Fairness metrics for clinical predictive AI quantify whether predictive models introduce or perpetuate discrimination against individuals or groups defined by sensitive attributes such as race, sex, age, and diagnosis. These metrics serve as core tools for assessing, reporting, and mitigating inequities in clinical AI applications. The literature reveals a diverse and fragmented landscape of fairness metrics, with varying levels of performance dependency, clinical validation, and alignment with real-world utility (2506.17035). A critical appraisal demonstrates the necessity for careful metric selection, uncertainty quantification, intersectional analysis, and clinical contextualization.

1. Classification and Types of Fairness Metrics

Fairness metrics in clinical predictive AI are categorized by three main dimensions: performance dependency, model output level, and base performance metric (2506.17035).

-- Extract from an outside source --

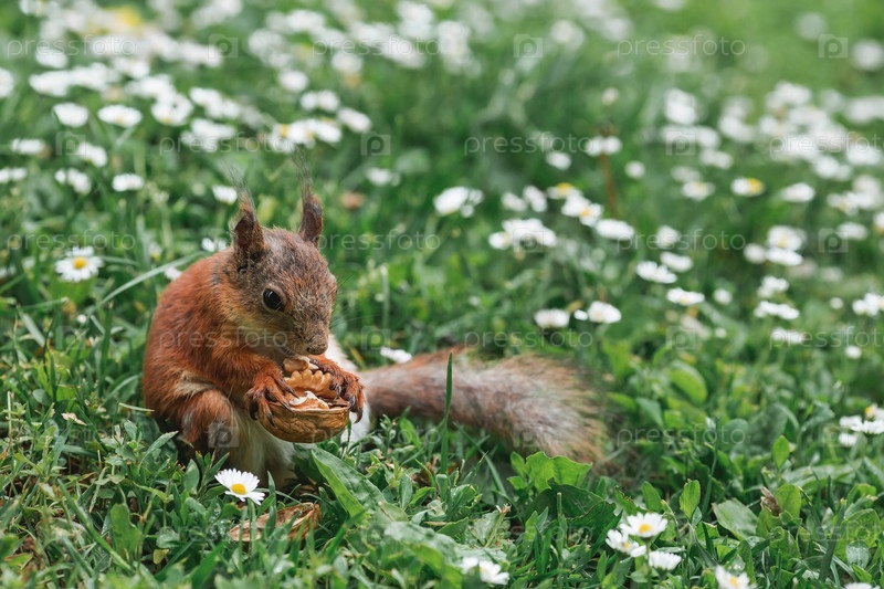 Лето. Портрет пушистой рыжей белки с орехом в лапах на зеленой траве в окружении маргариток. Белки в городском парке Царицыно. Кормление животных

(a) Performance Dependency

  • Performance-independent (unsupervised) metrics: Assess parity in model outputs across groups without using outcome labels. Examples include mean score parity and statistical parity, focusing on whether the proportion of positive predictions is equal across demographic groups.
  • Performance-dependent (supervised) metrics: Evaluate disparities relative to true outcome labels, comparing predictive performance across groups. These metrics typically reflect disparities present in labeled data and are more common in clinical literature.

(b) Model Output Level

  • Probability-based metrics: Utilize estimated risk probabilities pre-threshold, allowing for nuanced assessments across the risk spectrum (e.g., AUROC parity, calibration parity).
  • Threshold-dependent metrics: Operate after applying a decision threshold, evaluating fairness in hard classifications (e.g., equal opportunity difference, predictive parity).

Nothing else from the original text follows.